Import and Export Restrictions: A New Consideration for Compliance and Risk Assessments

Import and Export Restrictions: A New Consideration for Compliance and Risk Assessments

The gaze of compliance and risk professionals is broadening beyond current financial sanctions. Learn why securities linked to entities that are blacklisted or red-flagged for import and export present new risks to financial institutions.

Compliance experts are already working at full capacity to map the effects of current financial sanctions. The number of sanctions is constantly increasing and the associated processes are complicated. But there is more to come. Investments in companies that face import and export restrictions are increasingly coming to the attention of supervisory authorities and the public. This is accompanied by corresponding potential risks that these trade restrictions could eventually lead to financial sanctions.

How Do Current Financial Sanctions Impact Financial Institutions?

As discussed in our 2023 article, the sanctions compliance and risk assessment processes of financial institutions involve the careful analysis of potential clients, existing clients, or transaction partners. The goal is to identify a possible exposure to financial sanctions levied by one country against other self-governing states, individuals, or companies. Financial sanctions commonly take the form of a ban on investing in securities issued by the sanctioned entities. The aim is to throttle their capital inflow.  

What Are the Risks of Disregarding Financial Sanctions?

A financial institution’s failure to comply with financial sanctions can result in financial, legal, and reputational repercussions. For this reason, the work is as crucial as it is complex and dynamic; complex, because sanctioned entities go to great lengths to circumvent sanctions or hide their involvement, and dynamic, because new sanctions emerge regularly.

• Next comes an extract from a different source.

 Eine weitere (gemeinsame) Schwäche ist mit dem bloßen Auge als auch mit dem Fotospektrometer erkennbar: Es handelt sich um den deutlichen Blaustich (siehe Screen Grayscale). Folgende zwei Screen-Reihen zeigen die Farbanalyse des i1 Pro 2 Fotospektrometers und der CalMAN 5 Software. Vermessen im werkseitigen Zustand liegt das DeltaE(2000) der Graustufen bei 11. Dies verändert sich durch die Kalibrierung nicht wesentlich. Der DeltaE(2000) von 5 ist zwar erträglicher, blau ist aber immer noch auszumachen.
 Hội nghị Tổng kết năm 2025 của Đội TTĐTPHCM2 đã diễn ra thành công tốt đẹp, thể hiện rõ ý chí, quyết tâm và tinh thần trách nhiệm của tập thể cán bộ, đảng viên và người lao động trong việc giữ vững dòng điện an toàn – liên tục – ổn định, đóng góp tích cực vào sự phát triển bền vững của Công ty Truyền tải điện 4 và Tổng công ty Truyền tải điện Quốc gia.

In fact, an analysis conducted with the SIX Sanctioned Securities Monitoring Service – a service used by financial institutions to assess their exposure to sanctioned securities – revealed that the total number of sanctioned securities increased by almost 700% from January 2022 to March 2024.

Number of Sanctioned Securities

Can Import and Export Restrictions Lead to Financial sanctions?

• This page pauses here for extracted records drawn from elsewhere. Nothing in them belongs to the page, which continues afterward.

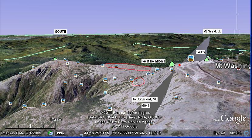2011 Success: Fred, N7FMH was planning the treck, but couldn't make it. So AA1WI, Brian volunteered to change his plans from Sugarloaf to Mt Washington. Best we can tell he had a D710 (because we saw it in a photo). Apparently the RFI and intermod was so high up there, that he was unable to make any maaningful contact on 445.925 coordination frequency. Further compounding the problem was that there was no NewHempshire relay this year. This meant that we had to hope that the link from Grelyock to Mt Washington could be made in one hop. See the RF link to Greylock and the RF link to Katahdin. Anyway, Brian set up MTWASH-13 and was seen at least as far as the GD-hill (non working digi) station and also on KATAHDIN. See his 2011 report.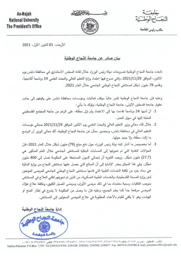 نشرت جامعة النجاح، الأربعاء 01.12.2021، بياناً حول ما تحدث عنه رئيس الوزراء بخصوص الحوالات التي تم تحويلها إلى جامعة النجاح، ويقول البيان بأنها ليست هبات بل هي جزء من المستحقات التي لمستشفى النجاح على الحكومة.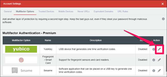 Klikk på "Multifactor Options" -fanen og bla ned til "Yubico" eller "YubiKey". Klikk på Rediger-ikonet ved siden av det.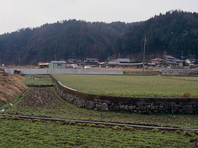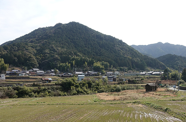 重要文化的景観「日根荘大木の農村景観」。2021年3月7日撮影。6月には大木小学校の生徒によって田植えが行われる。九条家領和泉国日根荘入山田村。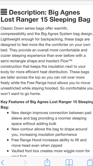 Big Agnes lost ranger 15F down sleeping bag pics for info and specs. Used for 3 years great bag, no tears or stains. 160$ obo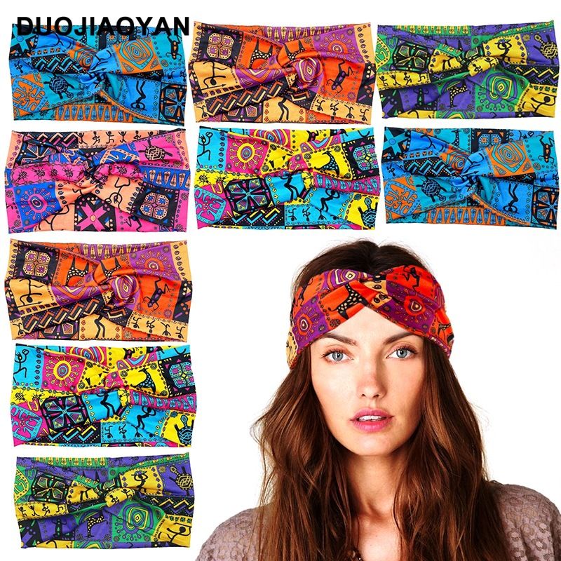 Spring and Summer New Style Knotted Cross Headband Bohemian Print Headband Elastic Headband Headband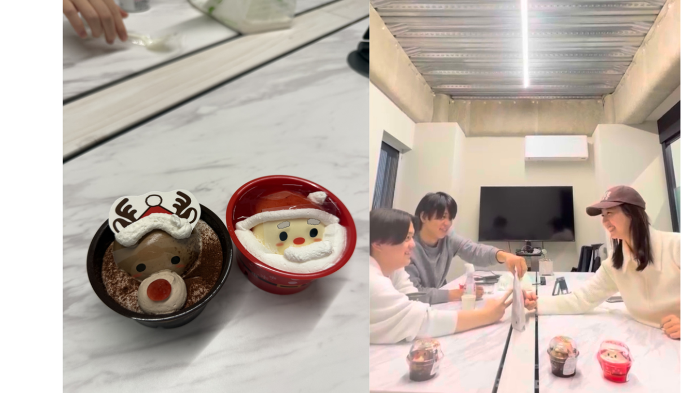 写真:クリスマスケーキを争う小林と社員

Import and export restrictions – closely aligned with financial sanctions in their shared goal of throttling resources to specific entities – have taken center stage following a recently published report from a US Congressional Committee. The committee found that BlackRock and MSCI had facilitated more than 6.5 billion US dollars of capital flow via investments into entities that are blacklisted or red-flagged for import and export. The United States levied the respective trade restrictions because the entities were deemed a security threat.

Acknowledging that investing in securities linked to entities targeted by the US government is legal, the committee urged congress to act on their recommendations to restrict investment into the companies, their subsidiaries, affiliates, parents, and holding companies. In short: to financially sanction the entities that are presently blacklisted or red-flagged for import and export. 

When Do Financial Institutions Need to Act on Import and Export Restrictions?

Given the intense scrutiny from US lawmakers, financial institutions face huge reputational risk by investing in securities linked to entities that are blacklisted or red-flagged for import and export, despite its legality. The US has imposed on average more than 35% of all sanctions between 1950 and 2019.

There is no way to definitively predict if the recommendation from the US Congressional Committee will eventually make its way into legislation. In part, this is due to a rapidly shifting geopolitical landscape and an upcoming administration change in the United States.

Depending on their risk appetite, it may be prudent for financial institutions to assess their exposure to entities subject to import and export restrictions.